In an article in London Review of Books, British journalist Jonah Goodman uncovers the nearly forgotten story of a 20th century medical miracle. You may think you don’t care about thyroid disease or cretinous children or the governance of Swiss cantons, but I promise that Mr. Goodman will have you glued to the page.
While concluding with a victory of truth over ignorance, the essay also illustrates the meaninglessness of the “trust science” meme. Whose science? Which data? What doctor? Scientific inquiry can be a blood sport, baby. Medical progress depends on the actions of flawed humans and is easily disrupted (anti-vaxxers come to mind). But Goodman’s story reveals both the noble and ignoble in science—and has a happy ending. —Barbara Ramsey
PHYSICS
My lack of a Fermi paradox
By Barbara Ramsey
PHYSICISTS AND SCI-FI aficionados are puzzled by the question: If the pre-conditions for life are so ubiquitous in our universe, where’s ET? While living beings likely exist in other parts of our universe, we have no convincing direct evidence of intelligent extraterrestrial life. In 1950, Enrico Fermi posed this question as an offhand remark. During a lunchtime conversation about life on other planets, he reportedly asked “Where are they?” This strikes me as a perfectly reasonable question that poses no paradox. Where are they, indeed? Find out and then tell me all about them! I stand with Enrico.
A paradox only arises for people who add a conceited second question: Since humans are so cool, who wouldn’t want to hang out with us? Uncovering this hidden assumption resolves the paradox. If intelligent beings are intelligent enough travel around the universe, then they’re smart enough to avoid the likes of us.

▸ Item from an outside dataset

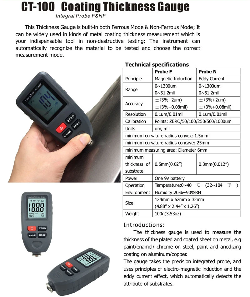 Общее описание: Толщиномер используется для измерения толщины покрытого и покрытого листа на металле, например, краски/эмали/хрома на стали, краски и анодированного покрытия на алюминии/меди. Датчик принимает прецизионный интегрированный зонд, и использует принцип электромагнитной индукции и вихревого тока, который автоматически определяет атрибут субстратов. Датчик предназначен для неразрушающего измерения толщины покрытия и окраски. Он необходим для обработки поверхности материала и широко используется в обрабатывающей промышленности, металлообрабатывающей промышленности, химической промышленности, области Товарной Инспекции, а также может стабильно работать в лаборатории, мастерской и на открытом воздухе.Технические характеристики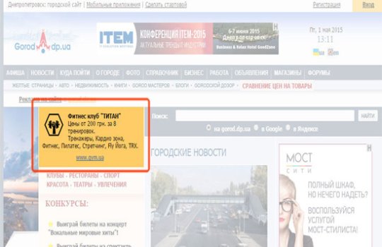 Пример рекламного баннера в интернет-СМИ представлен на фото:

I intend no disrespect. Apart from a few invasive species such as Homo sapiens, Earth holds fantastic life forms. But is Earth truly a desirable enough destination for extraterrestrial tourists? As the James Webb telescope has shown us, there are way cooler places in this universe. Even if our galaxy were attractive to the alien cognoscenti, it’s doubtful they’d stop by our immediate neighborhood. People from all over the world travel to New York City, but essentially zero of them are headed for your Aunt Esther’s house in Queens.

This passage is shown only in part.